» **TO DO**: With pictures left out, only the lines from the one containing "앞바다,뒷산 | 점수 |" through the end of the records should be reproduced exactly, please.

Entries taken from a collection

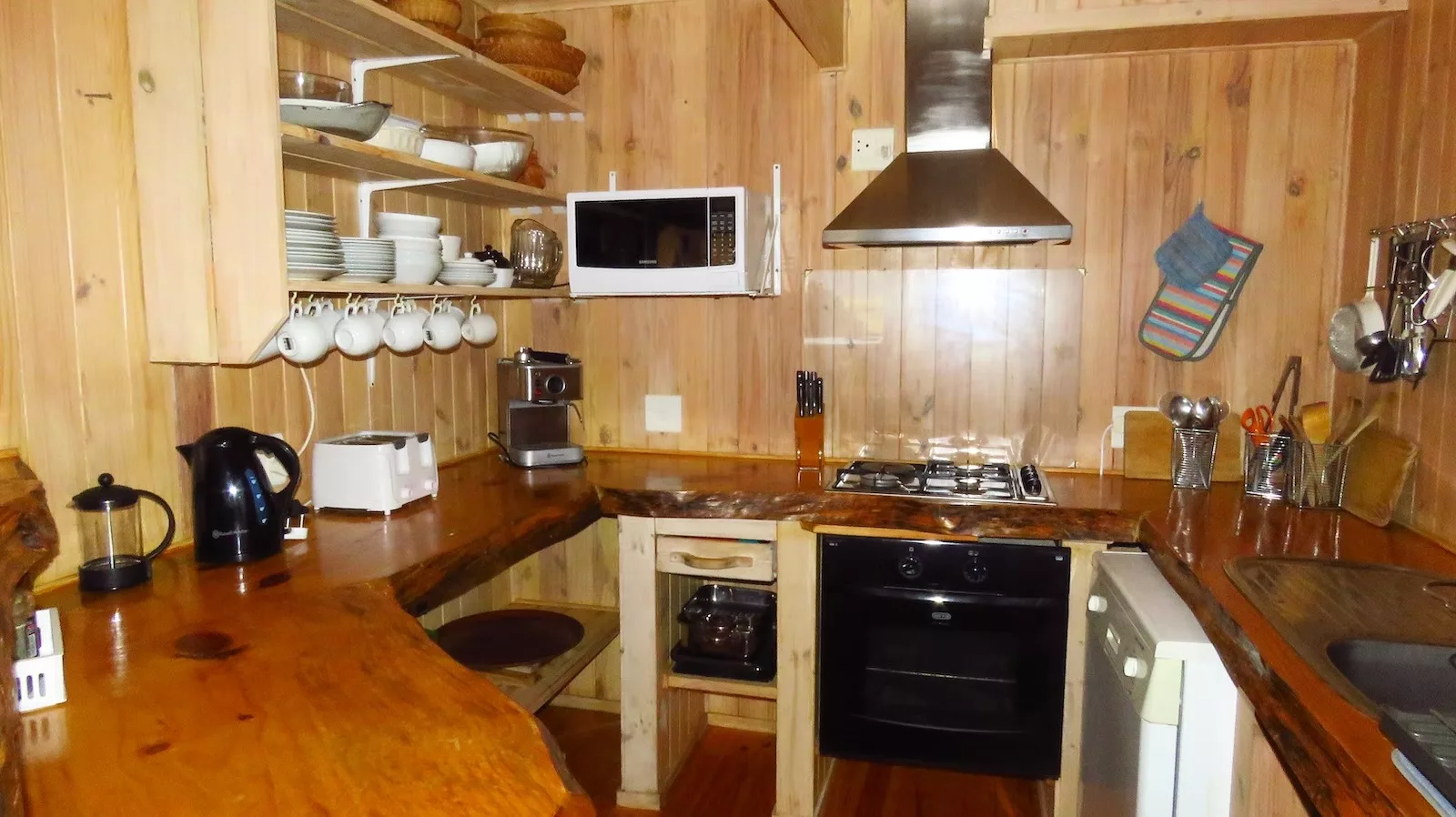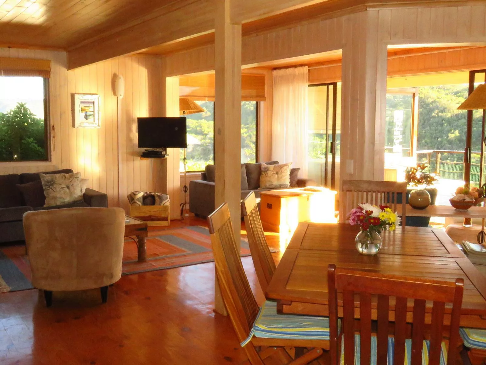 This retreat boasts a fully equipped kitchen with modern amenities such as a dishwasher and oven. The dining area, capable of seating 10 guests, is perfect for shared meals. Thoughtful additions like warm blankets, fresh flowers, and complimentary refreshments enhance the guest experience.
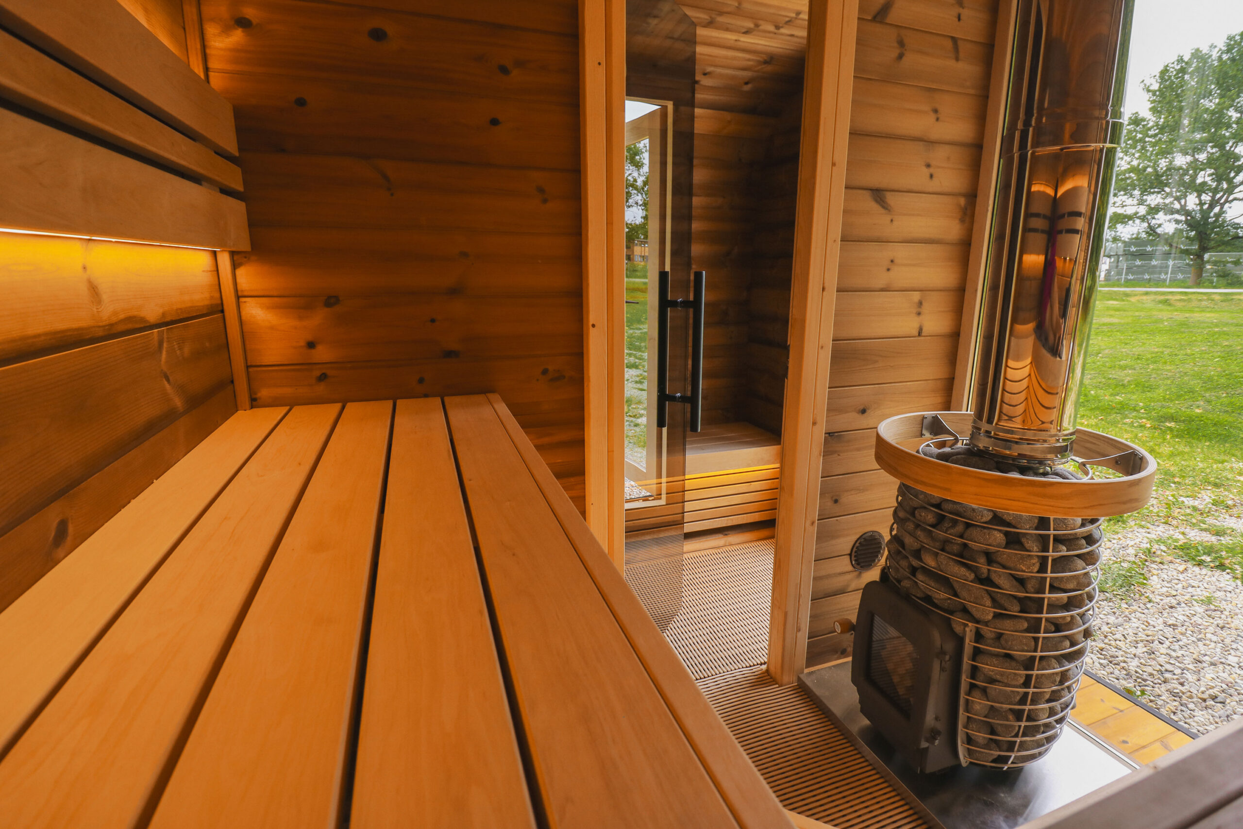 sauna room and a cozy front room, providing the perfect space for cooling down between sauna sessions.
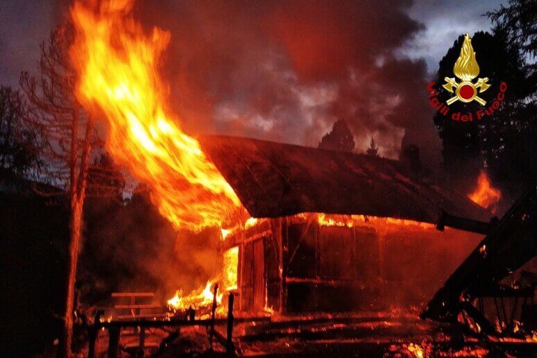 VENETO – A fuoco baita in legno, le fiamme lambiscono bombole di gpl
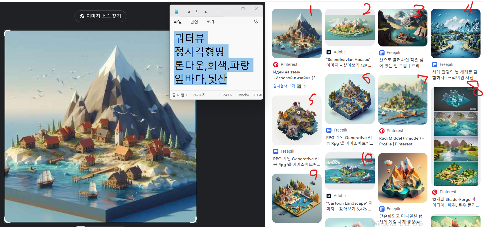 | 번호 | 쿼터뷰 | 정사각형땅 | 톤다운,회색,파랑 | 앞바다,뒷산 | 점수 |
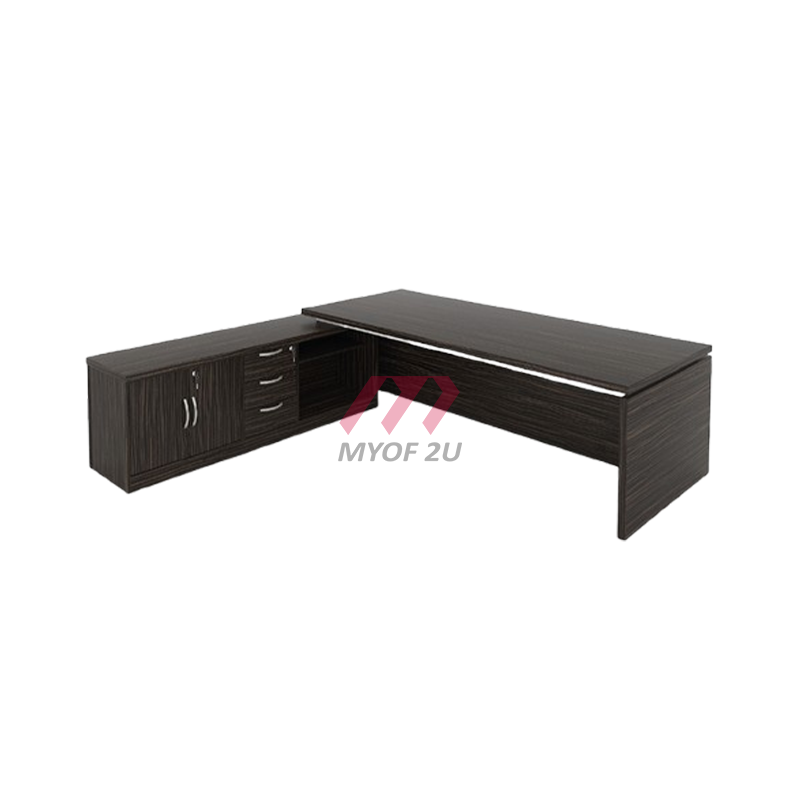 Product : Executive Director Table With Side Cabinet Open Shelves + Swing Door + 3D Pedestal
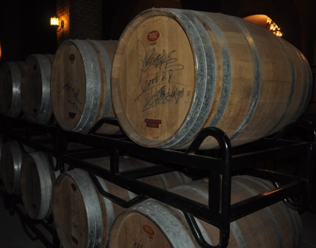 记者现场看到,在一些存酒的橡木桶上刻着不同人的签名。现场讲解人员告诉记者,酒窖的这个区域是君顶酒庄顾客的私人存酒区,他们买下整桶葡萄酒后保存在这里,可以随时来取也可以分批按瓶来取走酒,酒窖的恒温恒湿环境能很好保存酒体的质量,使顾客每次品尝的都是最佳口感与品质的葡萄酒。

» **EXERCISE SOLUTION**:
 | 번호 | 쿼터뷰 | 정사각형땅 | 톤다운,회색,파랑 | 앞바다,뒷산 | 점수 |
 Product : Executive Director Table With Side Cabinet Open Shelves + Swing Door + 3D Pedestal
 记者现场看到,在一些存酒的橡木桶上刻着不同人的签名。现场讲解人员告诉记者,酒窖的这个区域是君顶酒庄顾客的私人存酒区,他们买下整桶葡萄酒后保存在这里,可以随时来取也可以分批按瓶来取走酒,酒窖的恒温恒湿环境能很好保存酒体的质量,使顾客每次品尝的都是最佳口感与品质的葡萄酒。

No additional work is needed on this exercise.